A used playpen usually can be picked up at around 25.00 in almost perfect condition. old towels put in the bottom can be changed out. a day pen outside next to the goats but with fencing holes to small to put his head through is a good thing weather permitting.  lambs start tasting feed, water, salt, minerals, grass and hay at around day 3 or 4.            you will have to teach him this. he will copy the goats if you put water containers back to back on the shared wall of their pens. 

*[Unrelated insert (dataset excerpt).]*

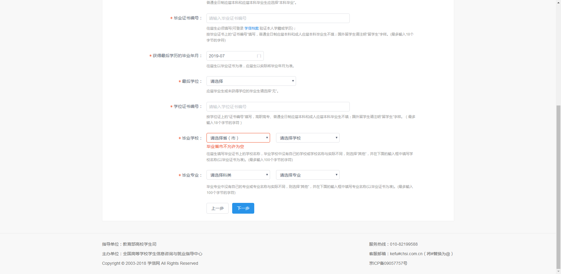 【毕业时间】:写错时间,可能会导致学籍认证不通过!

  it is not the nature for herd animals to be alone.  anything with eyes and a face will do. hear size 13 husky slippers baby set. the other one is out in the lamb pen in the barn. prevents having to bring it back and forth. The lambs have the run of the house but are put in the play pen to train to a milk bucket. usually by day 3 they will get up during the night and drink milk. the play pen is in the bedroom so I will know when they have learned to feed themselves. this way they will have milk all day while I am gone to work and don't have to stay in a cage.


 
hear you can see I have labeled the diaper size. they are twins. the ram wore a size 5 at birth but the ewe wore a size 3. most of the diapers are not labeled and it is hard to tell what size they are when out of the package. these lambs are probably 7-8 lbs each. I had 6 orphans one time the triplet barbado wore preemie the 11 day old dorper squeezed into  size 6 with help from some duct tape.  LOL 


 lambs exit the creep area. when they get to big to get out with a full belly they quit coming in.


this trough comes un just below my kneecap. still young lambs have a hard time reaching it. I often put cement pads under it for them to stand on. but Iva solved her own problem. 


 
play time for the orphans. no lamb is taken from its mother unless it will die if I leave it. no lamb is sold as an orphan before three days old unless the person is experienced. 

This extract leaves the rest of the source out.